The sled introduces an element of old-school strongman training or grade-school tug of war to your workout. Each tug of the sled is inherently different and engages the muscles of the back one side at a time, and in a slightly different way with each pull.

Sled-Pull

Setup: Attach a long rope to a weight sled and position it in an open area. Face the sled, grasp the rope with both hands, and squat down halfway with your back straight and your glutes and hamstrings loaded, leaning back slightly against the rope.

Move: Hand over hand, pull the sled toward you deliberately, reaching forward as far as you can and pulling back as hard as you can with each hand. Once the sled arrives at your toes, grab the end of the rope and walk away until it’s extended once more, then repeat.

Tip: Change things up: Do this while seated on the floor and fry your back in half the time!

Quads & Glutes

Out: Barbell back squat

In: Overhead barbell squat

If you’ve been sleepwalking through your leg workouts lately, the overhead squat will be a welcome wake-up call. “Your core, shoulders and back get a jolt of extra stimulus, thanks to the isometric contraction required to keep the barbell in place,” says Darlene Kalina Salvador, a personal trainer based in Redondo Beach, California.

Overhead-Barbell-Squat

Setup: Stand with your feet shoulder-width apart, toes turned out slightly, and hold a barbell across your upper chest and shoulders with your hands about shoulder-width apart. Press the weight straight up overhead and hold it steady with your arms straight.

Move: Kick your hips back, then bend your knees to slowly lower into a squat with your weight in your heels. Descend until your thighs come to a point about parallel or slightly below, then forcefully drive through your heels, extending your hips and knees to return to standing.

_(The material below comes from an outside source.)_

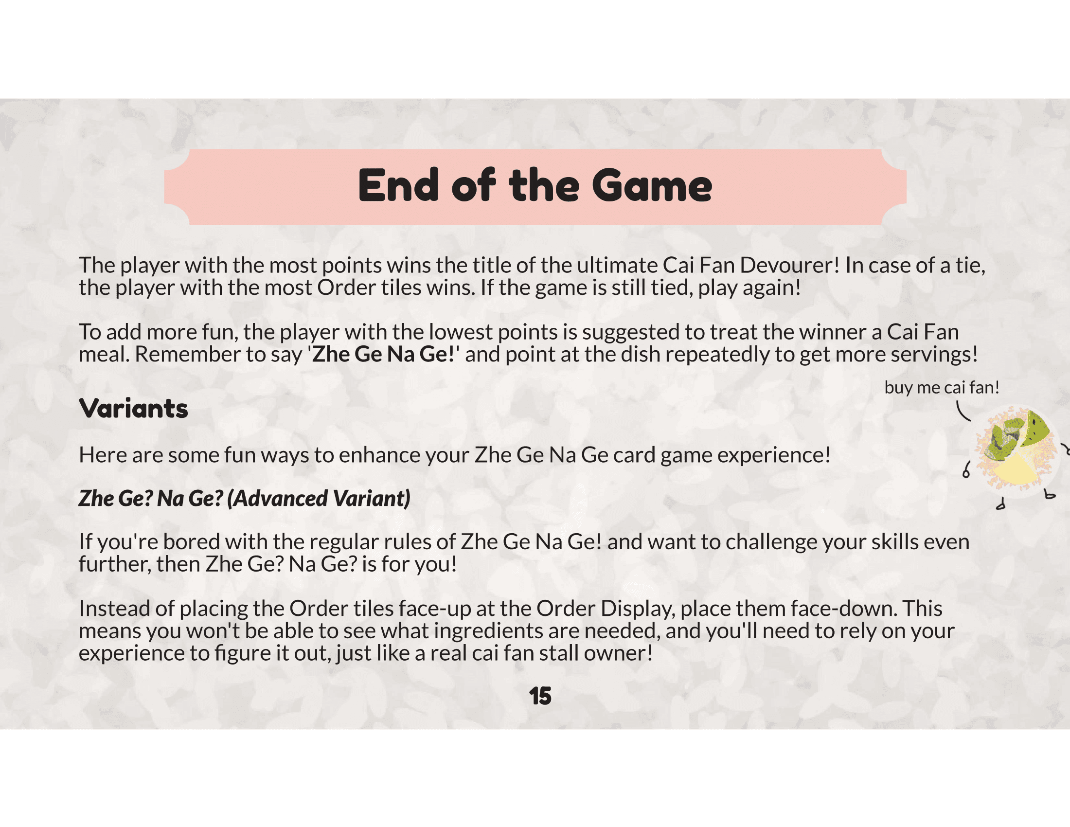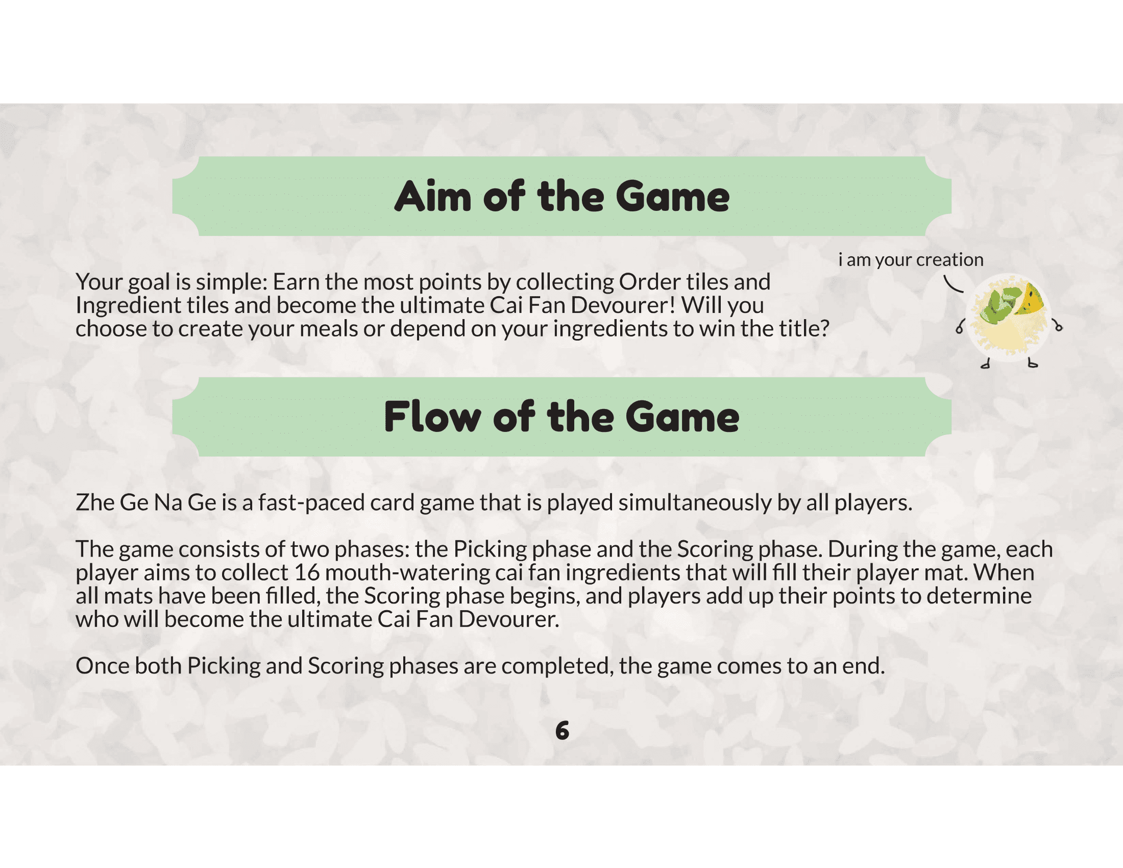 Zhe Ge Na Ge is a fast-paced, strategic card game that brings the thrill of Singapore’s cai fan culture to life. Players compete to collect ingredients, complete orders, and earn the title of the ultimate Cai Fan Devourer. With interactive mechanics like ingredient stealing and pesky Mynah birds to deal with, the game combines strategy, quick thinking, and a touch of humor.

Tip: Keep the barbell and your shoulders steady by shrugging them up slightly toward your ears, engaging your traps and upper back.

Hamstrings

Out: Romanian deadlift

In: Glute-ham raise

The glute-ham raise is actually on equal footing in terms of muscular recruitment with the Romanian deadlift, as shown in a study of hammy exercises published in the June 2014 issue of the Journal of Strength and Conditioning Research. So grab a partner and give it a try.

Glute-Ham-Raise

Setup: Kneel on the floor and have a partner hold your ankles firmly. Hold your hands, palms out, in front of your chest and tighten your abs.

Move: Hinging at your knees, lean forward with your torso and thighs moving as one (don’t break at the hip) and lower yourself slowly toward the floor, focusing on controlling your bodyweight with your hamstrings in the eccentric contraction. “Catch” yourself with your hands as you reach the floor, then push off lightly and lift yourself back up to vertical using momentum and your hamstrings.

Total Leg

Out: Lunge

In: Step-up hop

The lunge is probably one of the most over-programmed exercises, so for a change of pace, Salvador suggests this explosive variation. “By putting your glutes and hamstrings under additional stretch via the box, you’ll generate even more power during the positive contractions,” she says.

Step-Up-Hop

Setup: Stand behind a box (about 16 inches high) with your feet together, arms at your sides.

Move: Step on the box with your left foot. In one motion, extend your left leg, push off your right foot and drive your right knee through to the front, hopping up into the air off your left foot. Land on the box, then immediately step your right foot back down to the floor. Continue, alternating sides.

Tip: Change it up by turning sideways to the box instead of facing it straight on.